Given these entries, repeat exactly the lines starting with the one that has "Form I 9 Supplement" and going on through the one that has "ナチュラル気分・・シリーズで", both included, but none of the pictures.
(Material provided Opens)
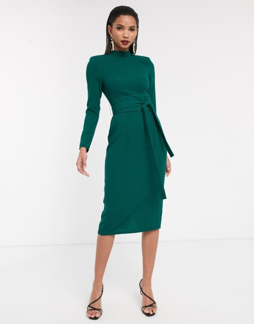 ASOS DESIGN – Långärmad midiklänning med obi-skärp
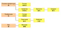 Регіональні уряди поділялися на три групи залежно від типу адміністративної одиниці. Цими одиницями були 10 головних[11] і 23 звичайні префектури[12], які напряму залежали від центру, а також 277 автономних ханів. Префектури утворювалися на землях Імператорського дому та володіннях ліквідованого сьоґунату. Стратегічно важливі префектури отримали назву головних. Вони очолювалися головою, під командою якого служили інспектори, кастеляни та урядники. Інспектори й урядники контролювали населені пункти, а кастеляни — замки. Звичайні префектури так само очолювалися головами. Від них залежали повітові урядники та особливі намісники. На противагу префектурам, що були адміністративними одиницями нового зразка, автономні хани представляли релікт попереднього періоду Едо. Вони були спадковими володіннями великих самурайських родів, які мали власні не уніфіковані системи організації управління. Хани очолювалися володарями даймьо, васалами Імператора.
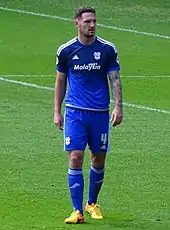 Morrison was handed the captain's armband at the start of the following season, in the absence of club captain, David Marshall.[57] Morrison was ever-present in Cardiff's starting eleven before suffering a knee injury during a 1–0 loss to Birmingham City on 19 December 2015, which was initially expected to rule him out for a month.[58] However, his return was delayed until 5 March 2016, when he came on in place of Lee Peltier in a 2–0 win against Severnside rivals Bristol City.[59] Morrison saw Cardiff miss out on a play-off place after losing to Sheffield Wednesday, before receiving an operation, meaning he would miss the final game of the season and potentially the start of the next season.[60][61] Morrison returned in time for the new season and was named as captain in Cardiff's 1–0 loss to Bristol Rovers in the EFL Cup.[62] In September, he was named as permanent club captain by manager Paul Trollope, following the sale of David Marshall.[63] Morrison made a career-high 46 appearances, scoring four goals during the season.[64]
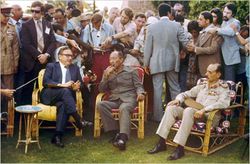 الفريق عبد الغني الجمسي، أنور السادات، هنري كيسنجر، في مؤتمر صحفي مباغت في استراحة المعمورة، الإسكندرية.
(Material provided Closes)
(Material provided Opens)
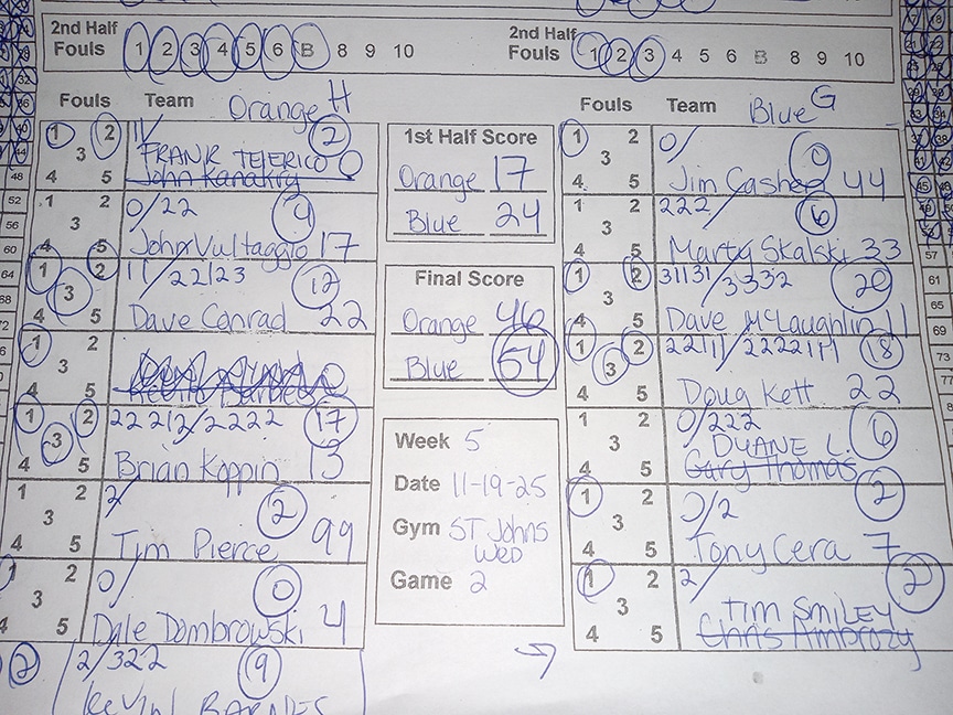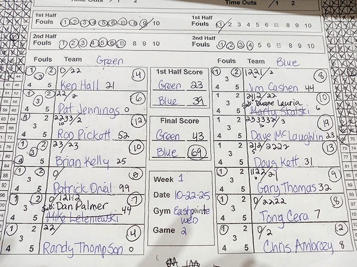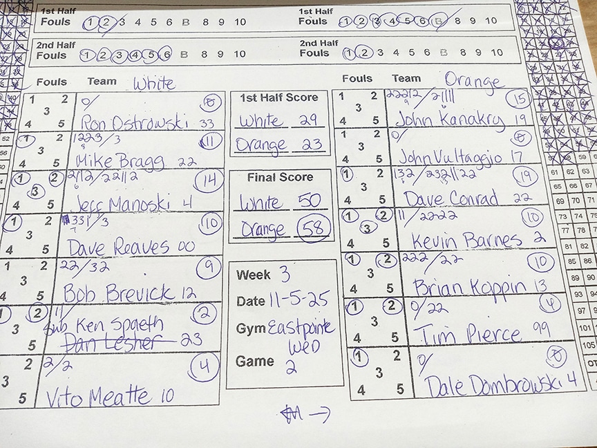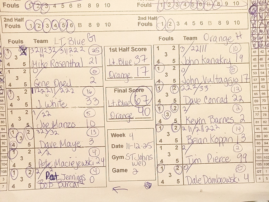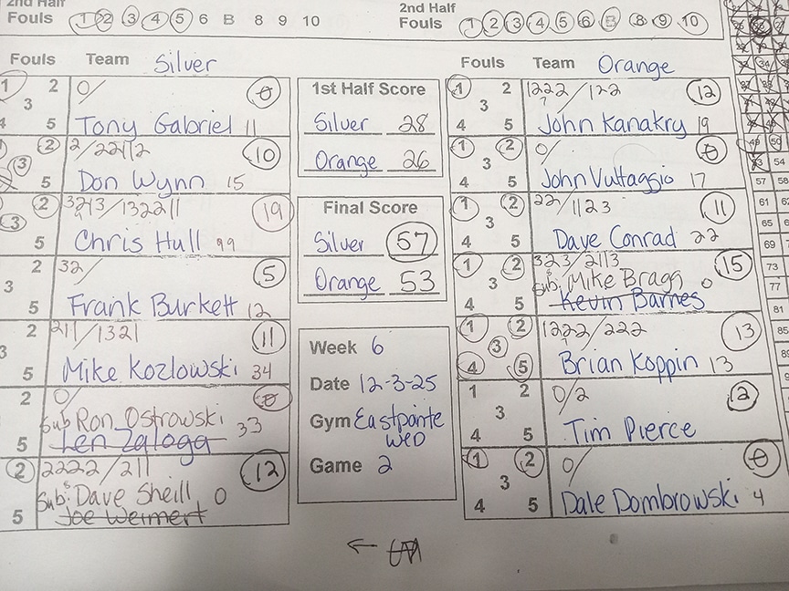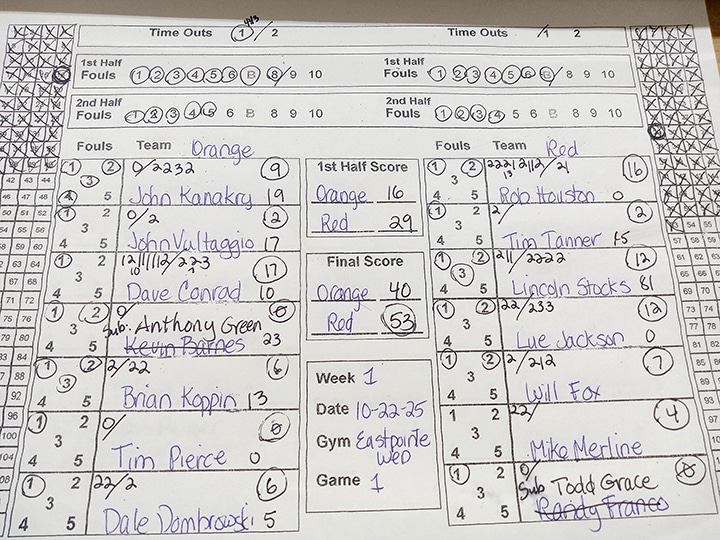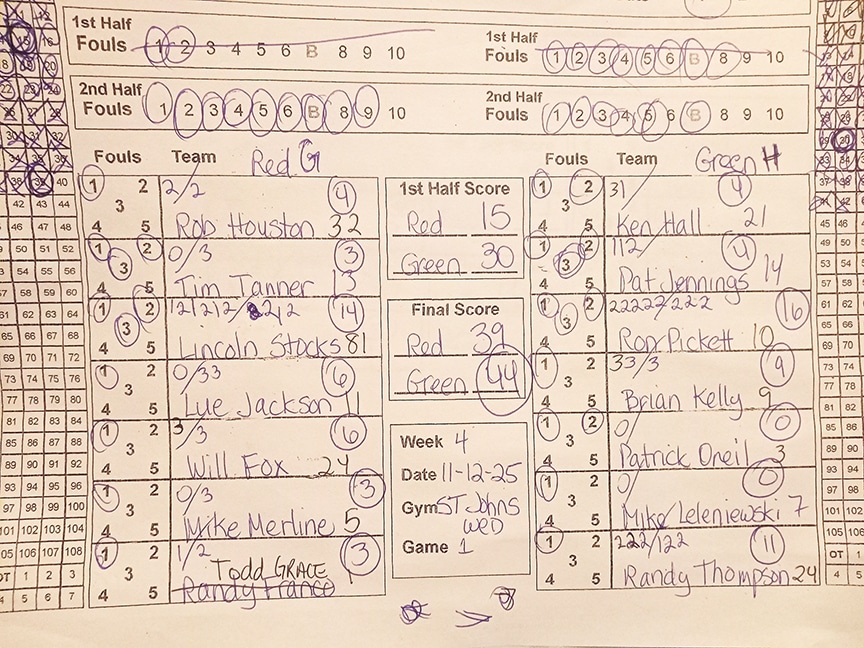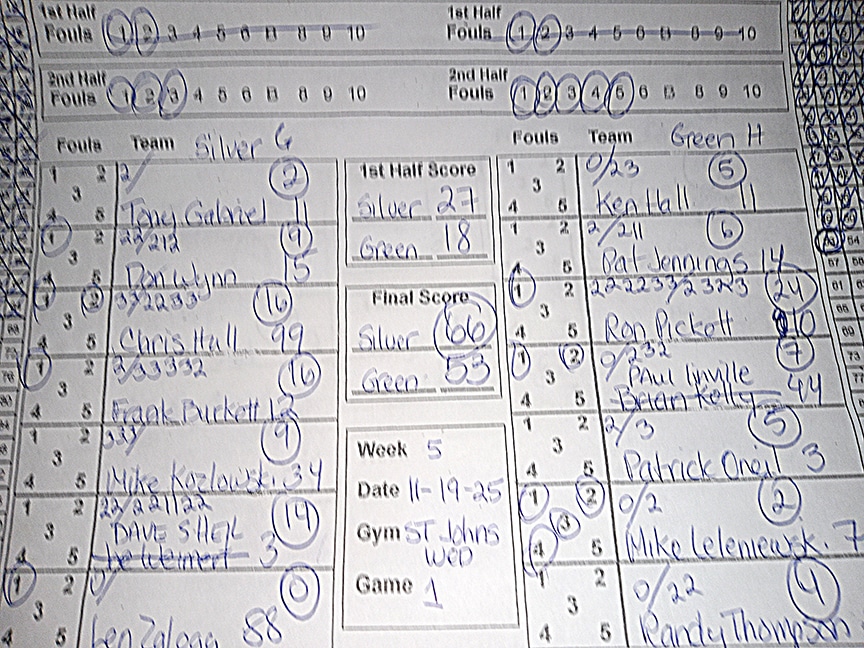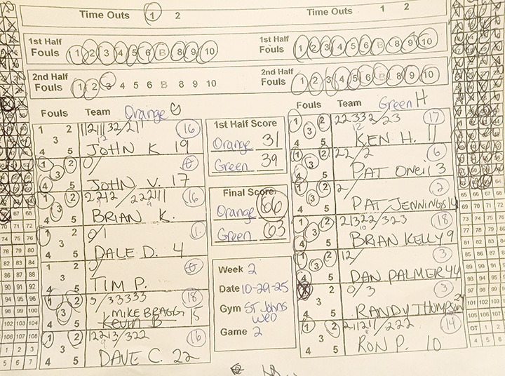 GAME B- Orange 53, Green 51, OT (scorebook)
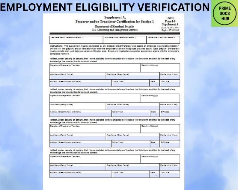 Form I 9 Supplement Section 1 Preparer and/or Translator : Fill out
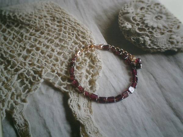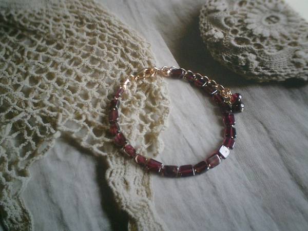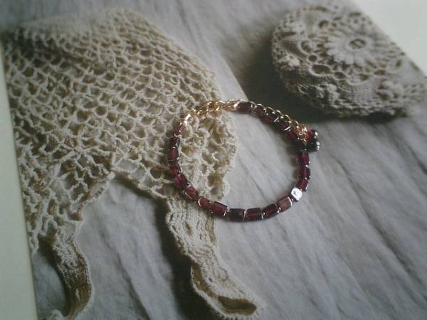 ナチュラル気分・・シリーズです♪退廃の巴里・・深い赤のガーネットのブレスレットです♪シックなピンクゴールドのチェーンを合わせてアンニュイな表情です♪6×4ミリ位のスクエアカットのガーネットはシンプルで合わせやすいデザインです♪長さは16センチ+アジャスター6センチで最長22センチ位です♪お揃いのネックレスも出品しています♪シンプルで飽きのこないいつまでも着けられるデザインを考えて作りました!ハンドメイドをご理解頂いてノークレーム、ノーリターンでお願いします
(Material provided Closes)
(Material provided Opens)
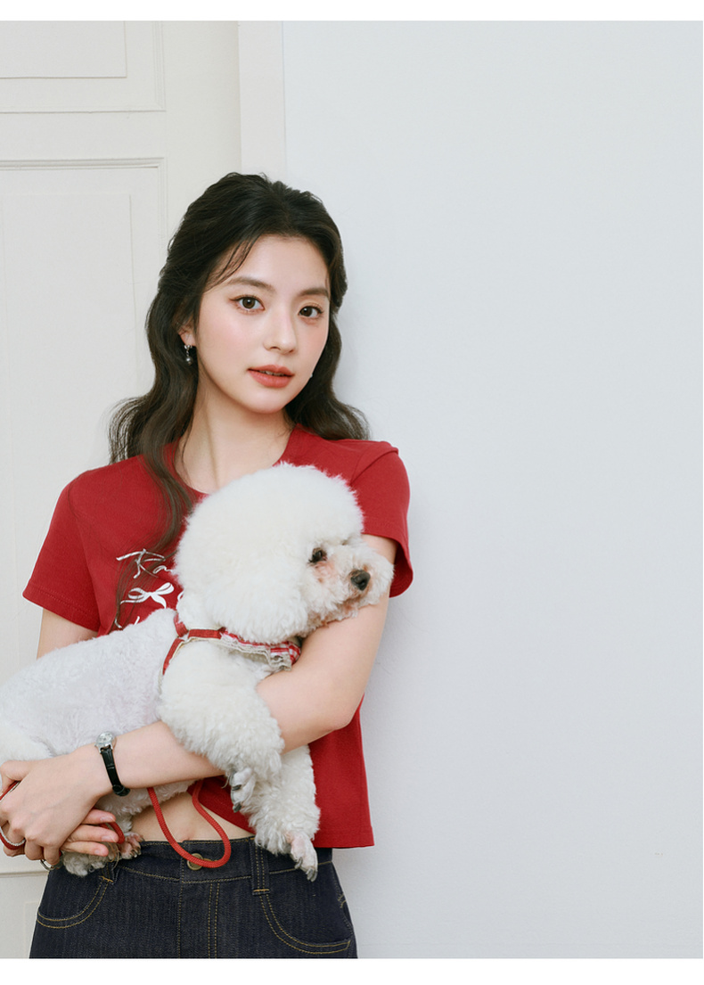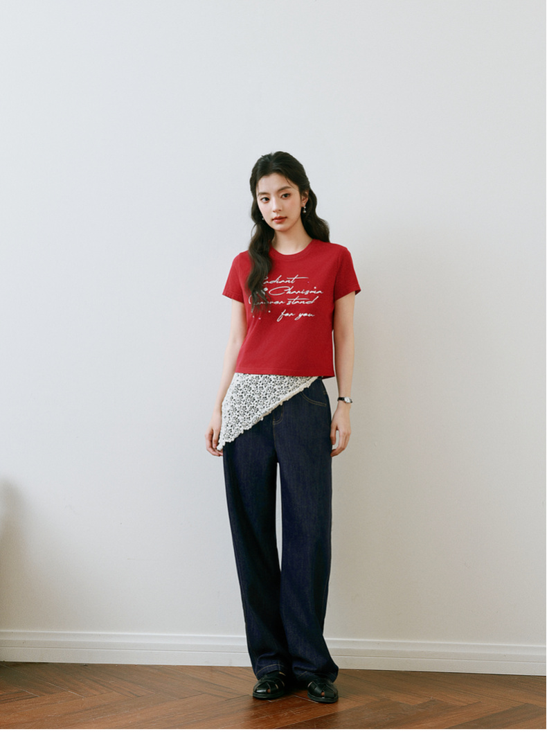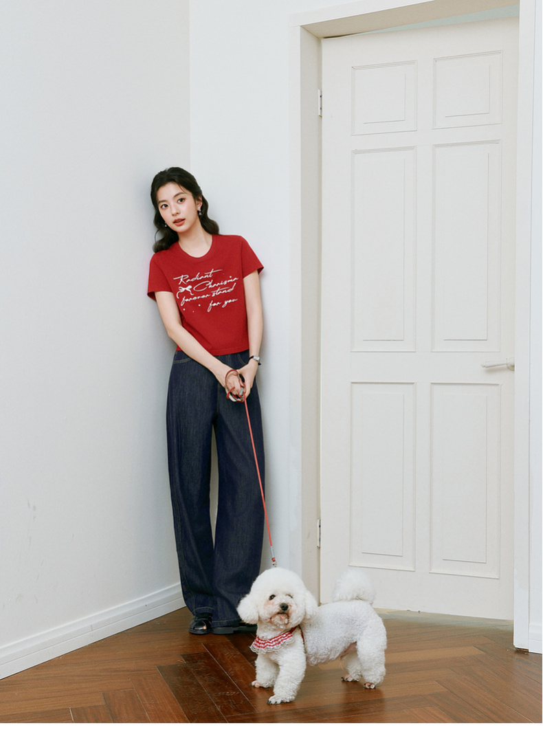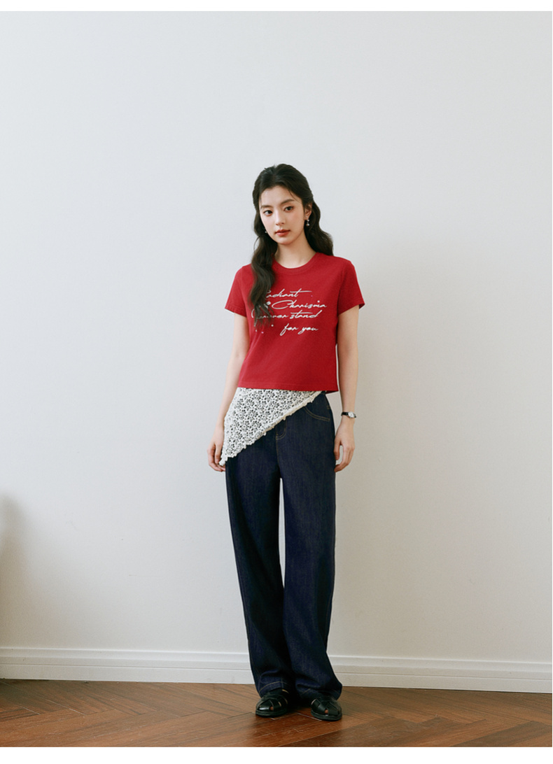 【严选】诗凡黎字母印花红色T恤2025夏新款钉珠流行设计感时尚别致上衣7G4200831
(Material provided Closes)
Result for this task
 Form I 9 Supplement Section 1 Preparer and/or Translator : Fill out
 ナチュラル気分・・シリーズです♪退廃の巴里・・深い赤のガーネットのブレスレットです♪シックなピンクゴールドのチェーンを合わせてアンニュイな表情です♪6×4ミリ位のスクエアカットのガーネットはシンプルで合わせやすいデザインです♪長さは16センチ+アジャスター6センチで最長22センチ位です♪お揃いのネックレスも出品しています♪シンプルで飽きのこないいつまでも着けられるデザインを考えて作りました!ハンドメイドをご理解頂いてノークレーム、ノーリターンでお願いします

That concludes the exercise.